I hear ya, but that sounds like the people who continued to buy real estate in 05, 06, and 07 even though prices had skyrocketed - saying "this time it's different - the conditions are different - yes prices are incredibly high but, but, but". Or the people who bought dot com stocks even though the companies had no earnings. A bubble, is a bubble, is a bubble, and gold has a chance to be the next bubble to pop (if it does go to 1,300, 1,400, or higher). For my money, if I'm in an asset that increases in value by 100 or 200% in a relatively short period of time, I'm rebalancing my portfolio. Just a way to reduce risk. If gold goes to $1,500 in the next couple years? or even $1,400 or maybe $1,300, I'll sellin - I don't care what the conditions. - just my 2 cents (1 indian head, 1 lincoln) It's all good :smile
A lot of people do it that way. Many of the people who bought CSCO common stock at a split adjusted $1 per share in 1991 were happy to sell at $7 in 1994 or even $20 in 1999, but missed the parabolic run to $100 in early 2000. I think it's going to be the same with gold. The time to sell gold will be after it goes parabolic and doubles a couple of times within a few months.
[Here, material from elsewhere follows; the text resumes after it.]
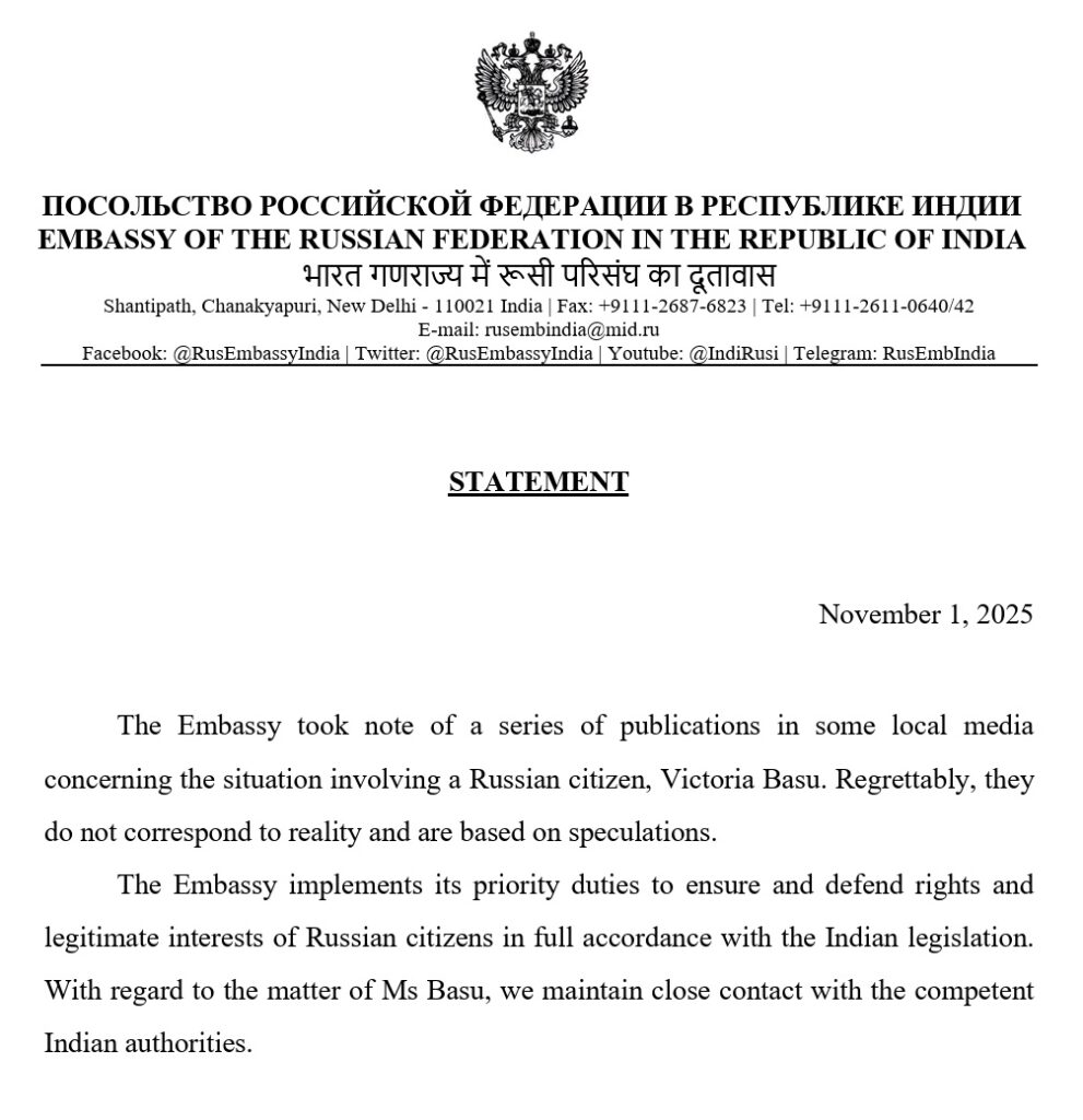 ਭਾਰਤ ਅਤੇ ਰੂਸ ਇਸ ਸਾਲ ਆਪਣੀ ਰਣਨੀਤਕ ਭਾਈਵਾਲੀ ਦੇ 25 ਸਾਲ ਮਨਾ ਰਹੇ ਹਨ, ਅਤੇ ਰਾਸ਼ਟਰਪਤੀ ਵਲਾਦੀਮੀਰ ਪੁਤਿਨ ਦਸੰਬਰ ਵਿੱਚ ਭਾਰਤ ਆਉਣ ਵਾਲੇ ਹਨ। ਇਹ ਪਰਿਵਾਰਕ ਵਿਵਾਦ ਕੂਟਨੀਤਕ ਸੰਵੇਦਨਸ਼ੀਲਤਾ ਦਾ ਮਾਮਲਾ ਬਣ ਗਿਆ ਹੈ। ਹਾਲਾਂਕਿ, ਰੂਸੀ ਦੂਤਾਵਾਸ ਨੇ ਹੁਣ ਆਪਣੀ ਚੁੱਪੀ ਤੋੜਦੇ ਹੋਏ ਕਿਹਾ ਹੈ ਕਿ ਬਹੁਤ ਸਾਰੀਆਂ ਮੀਡੀਆ ਰਿਪੋਰਟਾਂ ਅਟਕਲਾਂ ‘ਤੇ ਅਧਾਰਤ ਹਨ ਅਤੇ ਤੱਥਾਂ ਦੀ ਘਾਟ ਹੈ। ਦੂਤਾਵਾਸ ਦਾ ਕਹਿਣਾ ਹੈ ਕਿ ਉਹ ਭਾਰਤੀ ਕਾਨੂੰਨਾਂ ਦੇ ਤਹਿਤ ਆਪਣੇ ਨਾਗਰਿਕਾਂ ਦੇ ਅਧਿਕਾਰਾਂ ਦੀ ਰੱਖਿਆ ਕਰ ਰਿਹਾ ਹੈ ਅਤੇ ਇਸ ਮਾਮਲੇ ‘ਤੇ ਭਾਰਤੀ ਅਧਿਕਾਰੀਆਂ ਨਾਲ ਨੇੜਿਓਂ ਸੰਪਰਕ ਵਿੱਚ ਹੈ।

It depends on whether you are satisfed with a capital gain or if your goal is the accumulation of life-changing wealth. Your life, your choice.
If you think it's a good idea to short something in a strong uptrend, it might be a good idea to get out of the decision making role regarding your investments. The market can stay irrational longer than you can stay solvent.
I didn't say short now, but perhaps at a certain point. "when others are greedy, be fearful and when others are fearful, be greedy" - Warren Buffett
Ok. It's easy to quote someone else, but what you say you plan to do doesn't fit with the strategy of Mr. Buffett. Good luck.